Primary Care vs. Specialist
Primary Care: Good for mild symptoms or initial screening.
Psychiatrist/Psychiatric NP: Best for complex symptoms, moderate-to-severe depression, or when standard meds haven't worked.
Urgent Care / ER
Emergency Room: Appropriate if you are in immediate crisis, unsafe, or unable to care for yourself.
How Sophroneo supports new patients in the Atlanta metro
At Sophroneo Behavioral Health & TMS, we strive to make the evaluation process as smooth as possible for residents of Powder Springs, Stone Mountain, and the surrounding areas.
What scheduling a first visit looks like
Booking: You can book online or call 770-999-9495. We offer new patient appointments for psychiatric evaluation (typically 60 minutes) and TMS consultations (30 minutes).
Verification: We help verify your insurance benefits (we accept most major plans and Medicare) so there are no financial surprises.
The Visit: You can choose between in-person care at our clinics or telepsychiatry for convenience.
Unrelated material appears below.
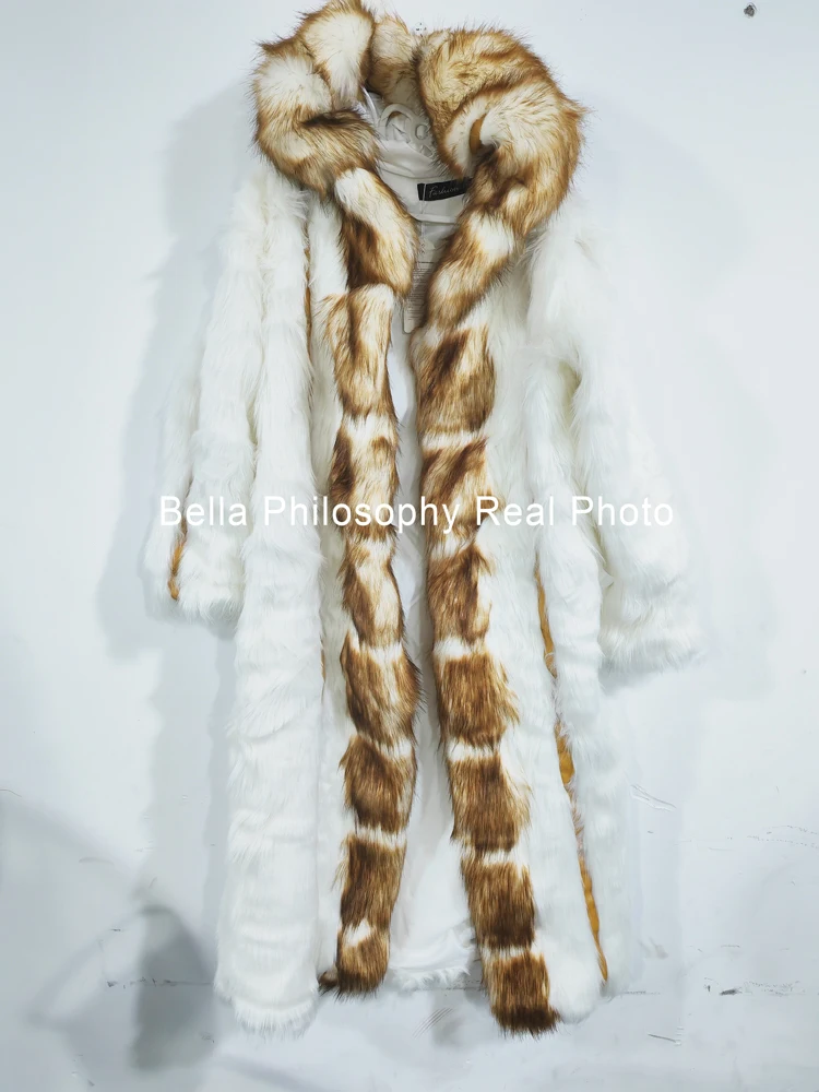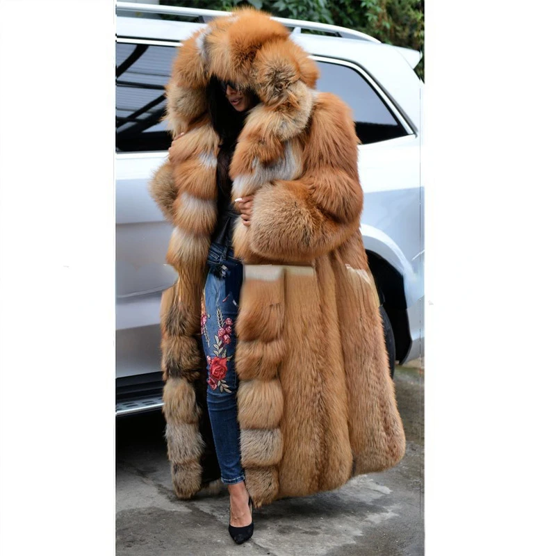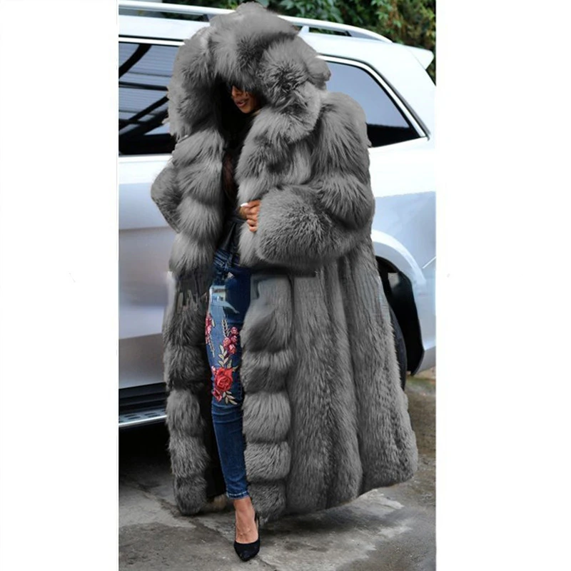 Hiver grande taille plus longue fausse fourrure manteau chaud à manches longues manteau fourrure de renard fausse fourrure manteau femmes longue à capuche fourrure tout-en-un manteau de fourrure

How to prepare questions for your clinician
Don't leave with unanswered questions. Consider bringing this list:
"What is my working diagnosis?"
"What are my treatment options besides medication?"
"How often will we meet for follow-ups?"
"What should I do if I feel worse before I feel better?"
Assumptions & Limitations
Honesty is Key: An evaluation is only as accurate as the information you provide.
No Instant Cure: A diagnosis is the starting line, not the finish line. Finding the right treatment mix takes time and patience.
Scope: This guide describes an outpatient evaluation. Inpatient or crisis evaluations follow different protocols.
Frequently Asked Questions:
1. Will I be forced to take medication?
No. In an outpatient setting like Sophroneo, treatment is voluntary. Your clinician will make recommendations based on medical evidence, but you are a partner in the decision.
2. How long does a depression evaluation take?
A typical new patient psychiatric evaluation lasts about 45 to 60 minutes. This allows enough time to cover your history and discuss a plan.
3. Can I bring a family member with me?
Yes. Having a supportive partner or family member can be helpful, as they may remember details you forget. You can also ask to speak with the clinician alone for part of the visit.
4. What if I don't "look" depressed?
Depression doesn't have a "look." You can have a job, smile at neighbors, and still be struggling internally. Clinicians are trained to look past appearances to the underlying symptoms.
5. Does insurance cover the evaluation?
Yes. Most commercial insurance plans and Medicare cover psychiatric evaluations (CPT code 90791 or 90792). Sophroneo can help verify your specific coverage.
6. What happens after the evaluation?
You will leave with a plan. This might include a prescription, a referral to a therapist, a schedule for a follow-up visit, or a recommendation for a TMS consultation if appropriate.